What does the Central Limit Theorem say? Let \(\overline{X}_N\) be the sample average, and let \(Z_N = \sqrt{N}\left(\frac{\overline{X}_N-\mu}{\sigma}\right)\) be the normalized variable. The Central Limit Theorem is as follows:

Central Limit Theorem

:

The CDF of \(Z_N\) is converging pointwise to the CDF of Gaussian(0,1).

Note that we are very careful here. We are not saying that the PDF of \(Z_N\) is converging to the PDF of a Gaussian, nor are we saying that the random variable \(Z_N\) is converging to a Gaussian random variable. We are only saying that the values of the CDF are converging pointwise. The difference is subtle but important.

To understand the difficulty and the core ideas, we first present the concept of convergence in distribution.

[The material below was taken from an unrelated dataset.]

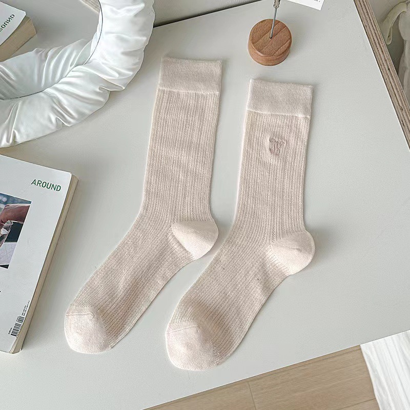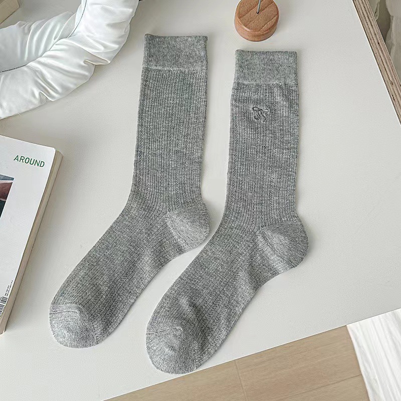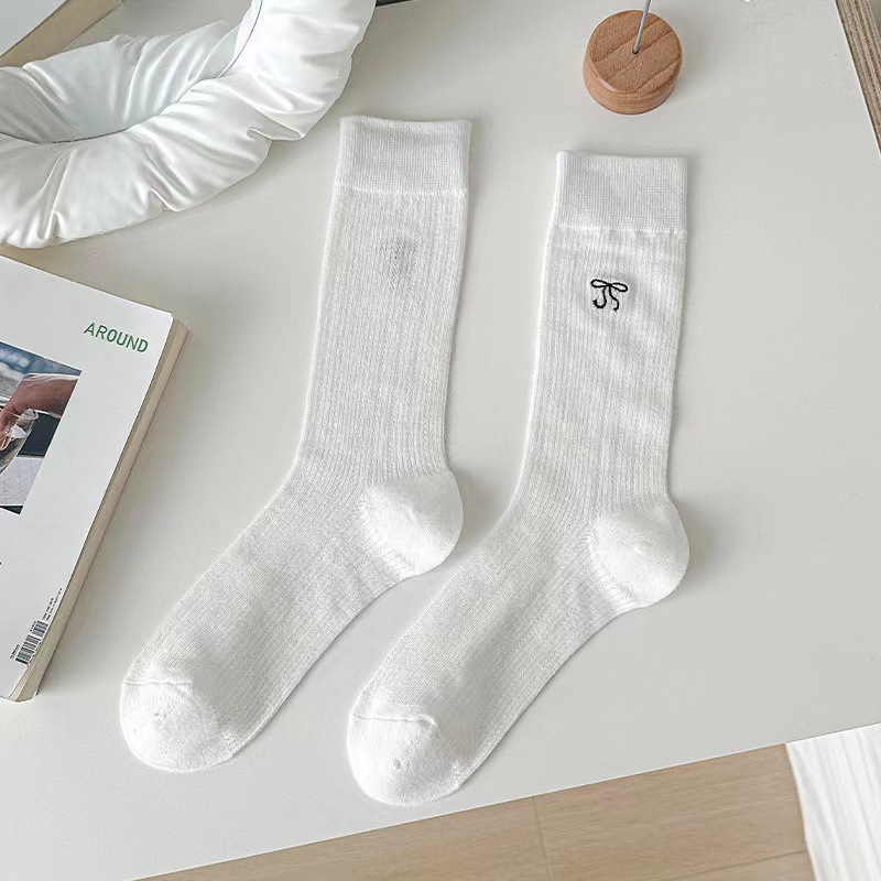 韓国風コットン ボウ スラウチ ソックス夏用細身スタイル韓国風トレンドのミドル カーフ ソックス女性用多用途バレエ スタイル ソックス

6.4.1Convergence in distribution

Definition 6.8

Let \(Z_1,\ldots,Z_N\) be random variables with CDFs \(F_{Z_1},\ldots,F_{Z_N}\) respectively. We say that a sequence of \(Z_1,\ldots,Z_N\) converges in distribution to a random variable \(Z\) with CDF \(F_Z\) if

$$\lim_{N \rightarrow \infty}F_{Z_N}(z) = F_Z(z),$$

for every continuous point \(z\) of \(F_Z\). We write \(Z_N \overset{d}{\rightarrow} Z\) to denote convergence in distribution.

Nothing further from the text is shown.